**INSTRUCTIONS FOR THE TASK:** Drop the pictures, then extract the listing word for word.
--- START ---
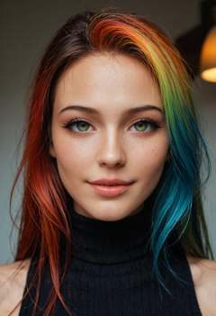 score_9, score_8_up,score_7_up,source_photo, source_real, (close-up photography, masterpiece, best quality, ultra-detailed, realistic), realism, highly detailed, lifelike, cinematic lighting, absurdres, cinematic still of a young woman posing for the camera in a ribbed black sweater, 1girl, solo, long hair, detailed hair, detailed face, detailed skin, looking at viewer, rainbow hair, sleeveless, green eyes, parted lips, upper body, emotional, aesthetics, detailed eyes, perfect composition, gigantic breasts, flash photography, perfect eyes. blushing, high cheekbones, seductive smile, perfect eyes, detailed background
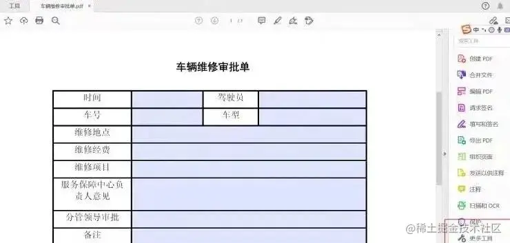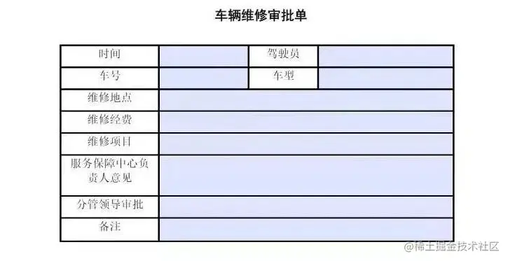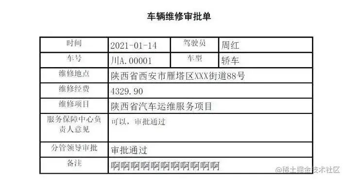 假定我们实体类什么的都已经编写完成、数据通过前端传入获取、模板位置在E盘根目录下名字为:车辆维修审批单.pdf
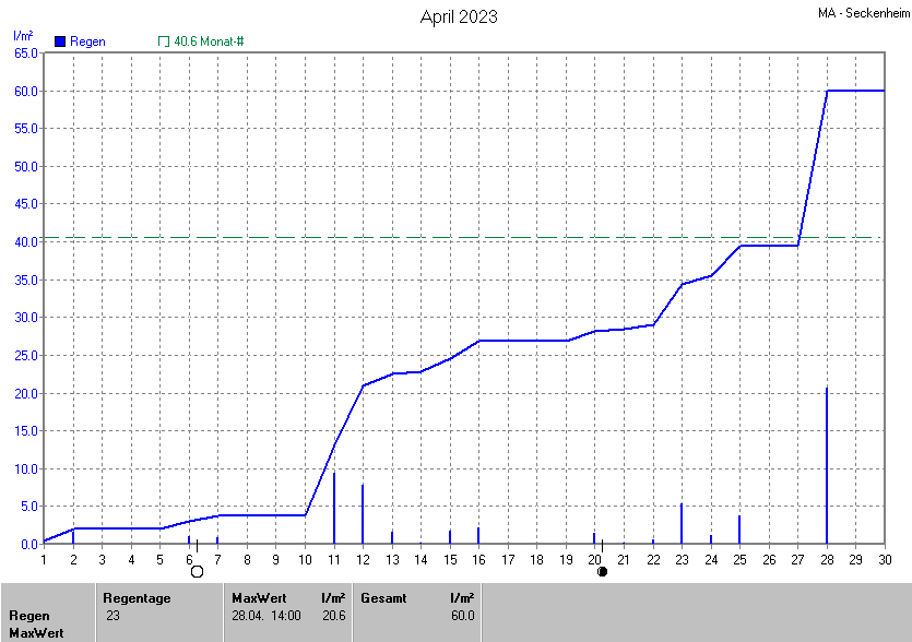Die gesamte Regenmenge lag bei 60.0l/m² (entspricht: 147.8%) und war damit um +19.4l/m² vom langjährigen Wert entfernt. Niederschlag gab es an 17Tagen. Mehr als 2mm Regen gab es an 6Tagen. Sehr viel Regen mit mehr als 20mm pro Tag gab es an 1Tagen.
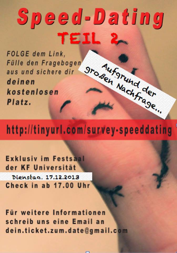 Nimm teil an einem unserer exklusiven und kostenlosen Speed-Dates im Festsaal der Karl-Franzens Universität. Alles was du dafür tun musst: Folge dem Link (http://tinyurl.com/survey-speeddating) fülle die Online-Umfrage aus und schon hast du dir einen Platz gesichert!
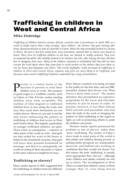 "Trafficking of children between various African countries shot to prominence in April 2001 as a result of media reports that a ship carrying ‘slave children’, the Etireno, had gone missing after being refused permission to land at Libreville in Gabon. When the ship eventually docked in Cotonou in Benin, the port it had first sailed from, some journalists reported that no slaves were found on board. There were 43 trafficked children on the boat, not chained or visibly enslaved. They were accompanied by adults who initially claimed to be relatives, but who, after leaving the boat, did their best to disappear from view. Many of the children remained so intimidated that they did not dare recount the truth about where they came from to social workers at the shelters they were taken to, run by Terre des Hommes and others. This article highlights media portrayal of trafficking in children in West and Central Africa, explains why girls are more likely to be trafficked, and discusses some counter-trafficking initiatives undertaken by a range of institutions." (Abstract)
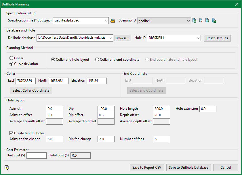 The Cost Estimator data will calculate the cost of the current hole as the Unit cost ($) multiplied by the Hole length.
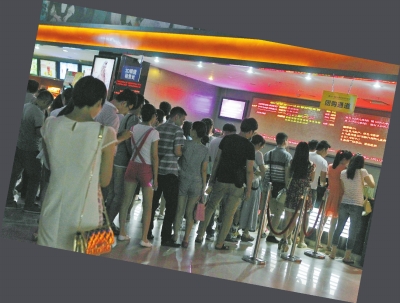 7月1日上午9点半,郑州某影院,由于暑期档加《变形金刚4》的双重刺激,购票处已排起了长队,但工作人员显然没有预估到会出现这种状况,4个售票窗口只开了1个,一位售票人员面对人头攒动的队伍,有些手忙脚乱。
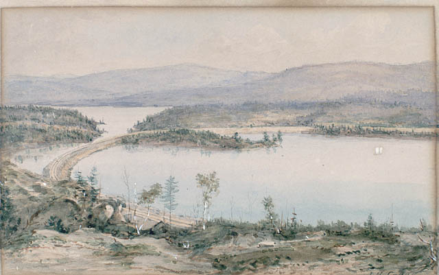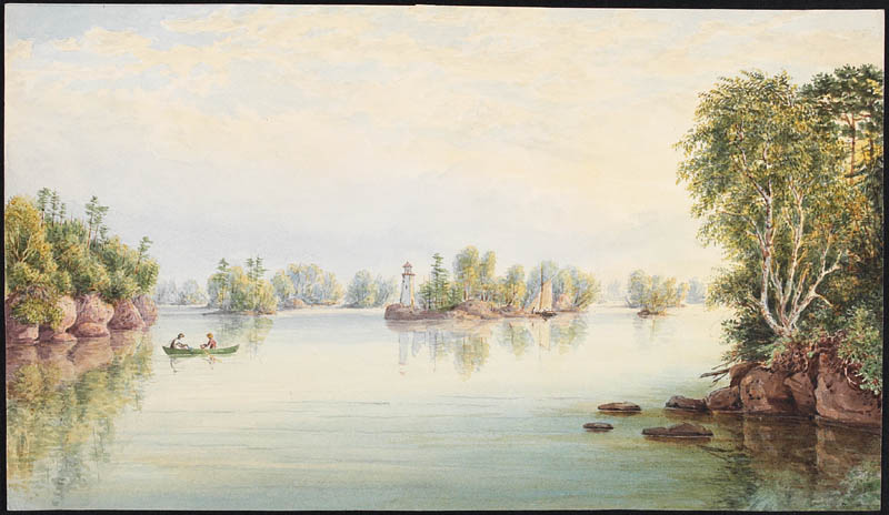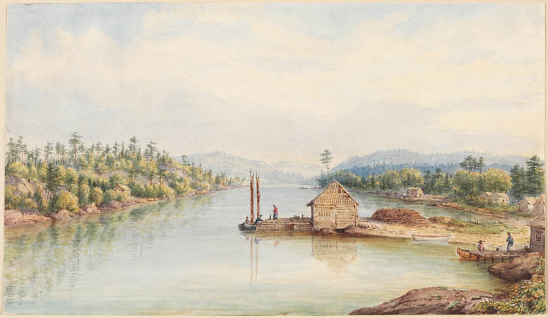 Caddy was a painstaking artist who worked slowly and carefully from pencil sketches made on the scene, through sepia drafts, to the finished picture. Apparently he sometimes completed several versions of the finished landscape but rarely, if ever, signed his work. He exhibited water-colours and oils in the annual provincial exhibitions from 1858 to 1868, winning awards for his meticulous landscapes, marines, and animal and flower studies. In London he had painted a portrait of Colonel Thomas Talbot*, but his strength was not in portraiture or in the figure. While in Canada he copied some scenes of Great Britain, Ireland, and the West Indies he had painted earlier. He did landscapes of scenes in and around Hamilton, Toronto, Brantford, Queenston, Niagara, and London, as well as farther afield, in the regions of Lake Huron, Georgian Bay, Muskoka, Lake Superior, the St Lawrence River, and New Brunswick. He also painted scenes of the Kawartha Lakes; his father and two younger brothers had taken up land in Douro Township in 1834 and were neighbours of the Stricklands, Traills, and Moodies. Caddy visited his family in Douro in 1841 where he likely met Samuel Strickland* but by that time the Traills and Moodies had moved. Other members of Caddy’s family, including his brothers Edward C. and Douglas T. as well as one of his own sons, were also amateur or professional artists.
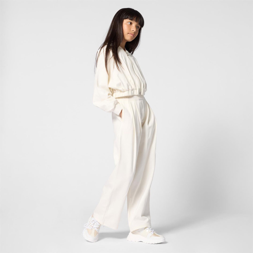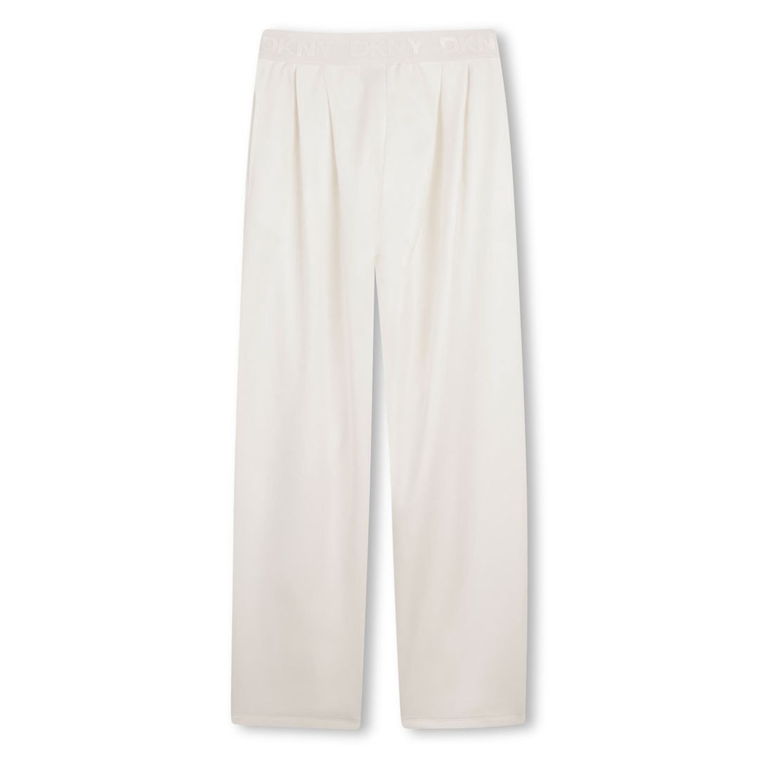 Jasne, wygodne spodnie dla dziewczynki DKNY D62583 519. Obszerny fason z zaszewkami i logowaną gumą w pasie. Po bokach wpuszczane kieszenie.
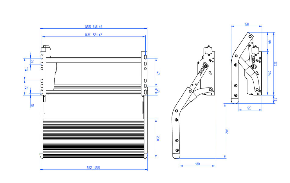 The step is smoothly operated with a 12V switch and has a built-in safety system to protect against pinch injuries. The step width is 455 mm, depth 360 mm, and height 158 mm (dimensions refer to the retracted step). The weight is only 5.7 kg, making it easy to handle and install without problems.
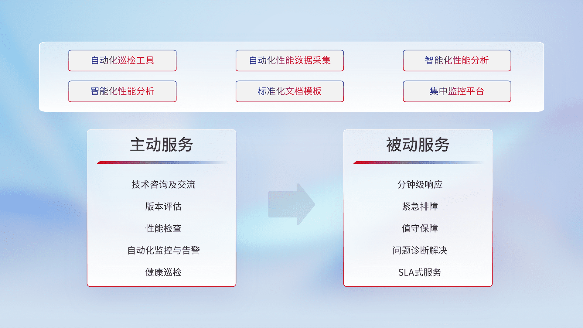 智能化工具和标准化文档,,,保障服务质量,,,,提供主动服务(包含技术咨询、、版本评估、、、、性能检查、、自动化监控与告警、、、健康巡检)和被动服务包含(分钟级响应、、、、紧急排障、、值守保障、、问题诊断解决、、SLA服务)。。
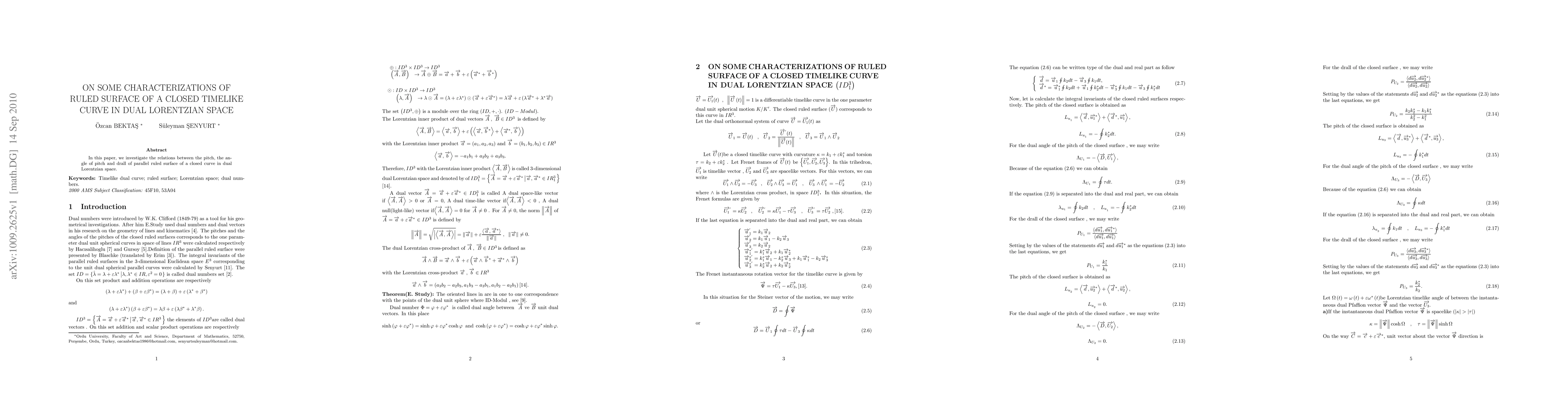 In this paper, we investigate the relations between the pitch, the angle of pitch and drall of parallel ruled surface of a closed curve in dual Lorentzian space.
--- END ---
**TASK RESULT:**
 score_9, score_8_up,score_7_up,source_photo, source_real, (close-up photography, masterpiece, best quality, ultra-detailed, realistic), realism, highly detailed, lifelike, cinematic lighting, absurdres, cinematic still of a young woman posing for the camera in a ribbed black sweater, 1girl, solo, long hair, detailed hair, detailed face, detailed skin, looking at viewer, rainbow hair, sleeveless, green eyes, parted lips, upper body, emotional, aesthetics, detailed eyes, perfect composition, gigantic breasts, flash photography, perfect eyes. blushing, high cheekbones, seductive smile, perfect eyes, detailed background
 假定我们实体类什么的都已经编写完成、数据通过前端传入获取、模板位置在E盘根目录下名字为:车辆维修审批单.pdf
Die gesamte Regenmenge lag bei 60.0l/m² (entspricht: 147.8%) und war damit um +19.4l/m² vom langjährigen Wert entfernt. Niederschlag gab es an 17Tagen. Mehr als 2mm Regen gab es an 6Tagen. Sehr viel Regen mit mehr als 20mm pro Tag gab es an 1Tagen.
 Nimm teil an einem unserer exklusiven und kostenlosen Speed-Dates im Festsaal der Karl-Franzens Universität. Alles was du dafür tun musst: Folge dem Link (http://tinyurl.com/survey-speeddating) fülle die Online-Umfrage aus und schon hast du dir einen Platz gesichert!
 "Trafficking of children between various African countries shot to prominence in April 2001 as a result of media reports that a ship carrying ‘slave children’, the Etireno, had gone missing after being refused permission to land at Libreville in Gabon. When the ship eventually docked in Cotonou in Benin, the port it had first sailed from, some journalists reported that no slaves were found on board. There were 43 trafficked children on the boat, not chained or visibly enslaved. They were accompanied by adults who initially claimed to be relatives, but who, after leaving the boat, did their best to disappear from view. Many of the children remained so intimidated that they did not dare recount the truth about where they came from to social workers at the shelters they were taken to, run by Terre des Hommes and others. This article highlights media portrayal of trafficking in children in West and Central Africa, explains why girls are more likely to be trafficked, and discusses some counter-trafficking initiatives undertaken by a range of institutions." (Abstract)
 The Cost Estimator data will calculate the cost of the current hole as the Unit cost ($) multiplied by the Hole length.
 7月1日上午9点半,郑州某影院,由于暑期档加《变形金刚4》的双重刺激,购票处已排起了长队,但工作人员显然没有预估到会出现这种状况,4个售票窗口只开了1个,一位售票人员面对人头攒动的队伍,有些手忙脚乱。
 Caddy was a painstaking artist who worked slowly and carefully from pencil sketches made on the scene, through sepia drafts, to the finished picture. Apparently he sometimes completed several versions of the finished landscape but rarely, if ever, signed his work. He exhibited water-colours and oils in the annual provincial exhibitions from 1858 to 1868, winning awards for his meticulous landscapes, marines, and animal and flower studies. In London he had painted a portrait of Colonel Thomas Talbot*, but his strength was not in portraiture or in the figure. While in Canada he copied some scenes of Great Britain, Ireland, and the West Indies he had painted earlier. He did landscapes of scenes in and around Hamilton, Toronto, Brantford, Queenston, Niagara, and London, as well as farther afield, in the regions of Lake Huron, Georgian Bay, Muskoka, Lake Superior, the St Lawrence River, and New Brunswick. He also painted scenes of the Kawartha Lakes; his father and two younger brothers had taken up land in Douro Township in 1834 and were neighbours of the Stricklands, Traills, and Moodies. Caddy visited his family in Douro in 1841 where he likely met Samuel Strickland* but by that time the Traills and Moodies had moved. Other members of Caddy’s family, including his brothers Edward C. and Douglas T. as well as one of his own sons, were also amateur or professional artists.
 Jasne, wygodne spodnie dla dziewczynki DKNY D62583 519. Obszerny fason z zaszewkami i logowaną gumą w pasie. Po bokach wpuszczane kieszenie.
 The step is smoothly operated with a 12V switch and has a built-in safety system to protect against pinch injuries. The step width is 455 mm, depth 360 mm, and height 158 mm (dimensions refer to the retracted step). The weight is only 5.7 kg, making it easy to handle and install without problems.
 智能化工具和标准化文档,,,保障服务质量,,,,提供主动服务(包含技术咨询、、版本评估、、、、性能检查、、自动化监控与告警、、、健康巡检)和被动服务包含(分钟级响应、、、、紧急排障、、值守保障、、问题诊断解决、、SLA服务)。。
 In this paper, we investigate the relations between the pitch, the angle of pitch and drall of parallel ruled surface of a closed curve in dual Lorentzian space.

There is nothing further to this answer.